Creative Commons License
This work is licensed under a Creative Commons Attribution 4.0 International License.

Architecture

alt text

Data download

DOI

Getting Started

These instructions will get you a copy of the project up and running on your local machine for development and testing purposes.

Prerequisites

To run this project, you will need to have the following installed on your local machine:

  • Python 3.7 or higher
  • Pytorch 1.10 or higher (with CUDA)
  • Pytorch geometric
  • Rdkit

Installing

  1. Clone this repository onto your local machine using the following command:

    git clone https://github.com/AdorableYoyo/DESSML
    
  2. Create a new Conda environment with Python 3.9 ( 3.7 or higher) by running the following command:

    conda create -n DESSML python=3.9
    
  3. Activate the new Conda environment by running the following command:

    conda activate DESSML
    
  4. Install the required Python packages in the Conda environment using the following command:

    bash requirments.sh
    

Stage 1 and Stage 2 model training/evaluation : Notes on Usage of Different Experiments

This README provides instructions on how to run both Stage 1 and Stage 2 experiments, incorporating semi-supervised training with unlabeled data. There are three experiments outlined below, along with the necessary file paths and instructions for cross-validation.

Experiment 1: OOD DTI

Stage 1:

To run Experiment 1 in Stage 1, follow these steps:

  1. Execute the command :

    bash run_scripts/stage1_sup.sh
    

    with the following path : --train_datapath Data/DTI/chembl_train1.tsv
    --dev_datapath Data/DTI/chembl_dev1.tsv
    --test_datapath Data/DTI/DTI_test_x22102.tsv \

  2. Repeat the above steps three times, each time using a different fold (1,2,3) for cross-validation.

  3. After obtaining the scores for each fold, take the average as the final score.

  4. This stage will output saved model in the /experiments_logs for each run.

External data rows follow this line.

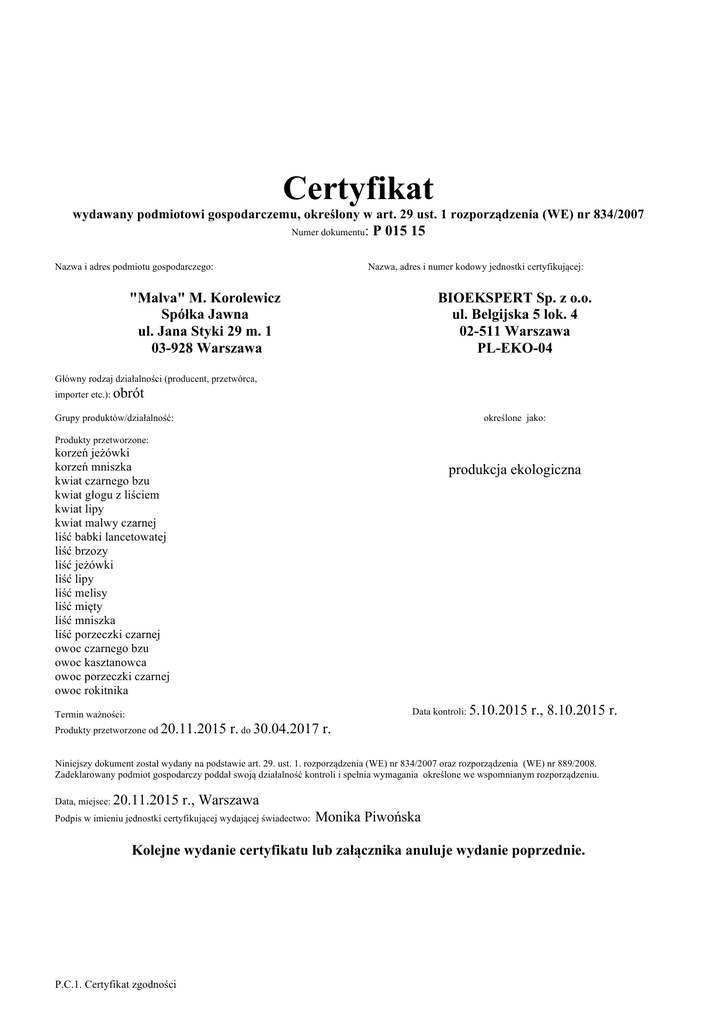 Certyfikat wydawany podmiotowi gospodarczemu, określony w art. 29 ust. 1 rozporządzenia (WE) nr 834/2007 Numer dokumentu: Nazwa i adres podmiotu gospodarczego: P 015 15 Nazwa, adres i numer kodowy jednostki certyfikującej: "Malva" M. Korolewicz Spółka Jawna ul. Jana Styki 29 m. 1 03-928 Warszawa BIOEKSPERT Sp. z o.o. ul. Belgijska 5 lok. 4 02-511 Warszawa PL-EKO-04 Główny rodzaj działalności (producent, przetwórca, importer etc.): obrót Grupy produktów/działalność: określone jako: Produkty przetworzone: korzeń jeżówki korzeń mniszka kwiat czarnego bzu kwiat głogu z liściem kwiat lipy kwiat malwy czarnej liść babki lancetowatej liść brzozy liść jeżówki liść lipy liść melisy liść mięty liść mniszka liść porzeczki czarnej owoc czarnego bzu owoc kasztanowca owoc porzeczki czarnej owoc rokitnika produkcja ekologiczna Data kontroli: 5.10.2015 Termin ważności: Produkty przetworzone od 20.11.2015 r., 8.10.2015 r. r. do 30.04.2017 r. Niniejszy dokument został wydany na podstawie art. 29. ust. 1. rozporządzenia (WE) nr 834/2007 oraz rozporządzenia (WE) nr 889/2008. Zadeklarowany podmiot gospodarczy poddał swoją działalność kontroli i spełnia wymagania określone we wspomnianym rozporządzeniu. Data, miejsce: 20.11.2015 r., Warszawa Podpis w imieniu jednostki certyfikującej wydającej świadectwo: Monika Piwońska Kolejne wydanie certyfikatu lub załącznika anuluje wydanie poprzednie. P.C.1. Certyfikat zgodności
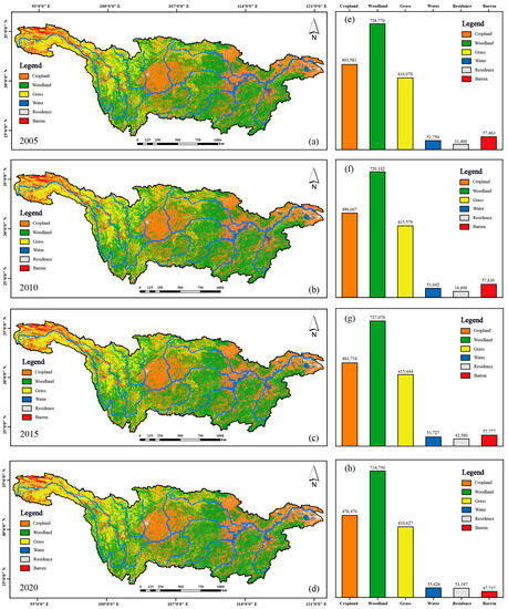 Spatiotemporal patterns of LUCC in the Yangtze River Basin. Note: (a–d) show the spatial characteristic of LUCC in 2005, 2010, 2015 and 2020, respectively. (e–h) show the proportion of each land cover including Cropland, Woodland, Grass, Water, Residence and Barren. Woodland refers to forestry land where trees, shrubs, bamboo, and mangroves grow. It is divided into Dense, Shrubland, and Sparse according to the degree of closure. Grass refers to all kinds of grassland that mainly grow herbaceous plants and covers more than 5%, which is divided into >50%, 20%–50%, and <20% according to the degree of closure. Water refers to natural terrestrial waters and land used for water conservancy facilities. It is divided into Canals, Seas, Reservoirs, Glaciers, and Beaches according to the state of matter. Residence refers to urban and rural settlements, as well as industrial, mining, and transportation land. It is divided into Urban, Rural, and Other construction sites. Barren refers to land that has hitherto been unused, including hard-to-use land. It is divided into Sand, Desert, Alkali, Swamp, Exposed, and Rock. Cropland refers to the land on which crops are grown. Depending on the irrigation method, Cropland is divided into Dryland and Paddy.
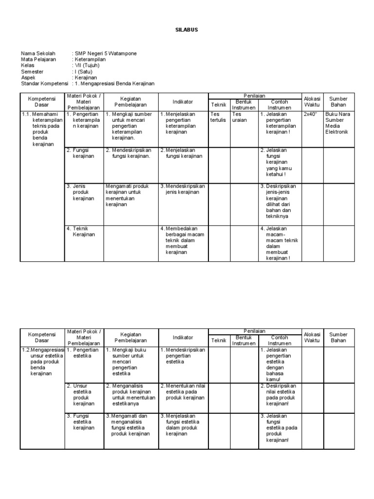 silabus prakarya kerajinan kls 7

  5. For the purpose of reproducibility, you can skip stage1 since the trained models were saved in trained_model/

Stage 2:

To run Experiment 1 in Stage 2 with semi-supervised training, follow these additional steps:

  1. Execute the command

    bash run_scripts/stage2_meta_student.sh
    

with the following parameters: --ul_datapath Data/DTI/DTI_target_sam_unlabeled_x53502.tsv --albert_checkpoint Data/trained_model/stage1_trained/DTI_fold_1_DISAE_model_state_dict_0.pth

Note: Data/trained_model/stage2_trained/DTI_fold_1_ours.pth is from the stage 1. It was renamed from something like : experiment_logs/exp2023-xxxxxxxx /epoch_xx/student_state_dict.pth \

  1. Repeat the above steps three times, using the ALBERT checkpoint corresponding to each fold (1,2,3) for cross-validation.
  2. Take the average score across the three repetitions as the final score.

Experiment 2: Hidden human MPI

Stage 1:

To run Experiment 2 Hidden human MPI in Stage 1, follow these steps:

  1. Execute the command :

    bash run_scripts/stage1_sup.sh
    

    with the following path :

    --train_datapath Data/ChEMBL29/all_Chembl29.tsv
    --dev_datapath Data/HMDB/Feb_13_23_dev_test/dev_47.tsv
    --test_datapath Data/HMDB/Feb_13_23_dev_test/test_47.tsv \

  2. Repeat the above steps three times, each time using a different fold (27, 37, and 47) for cross-validation.

  3. After obtaining the scores for each fold, take the average as the final score.

  4. This stage will output saved model in the /experiments_logs for each run.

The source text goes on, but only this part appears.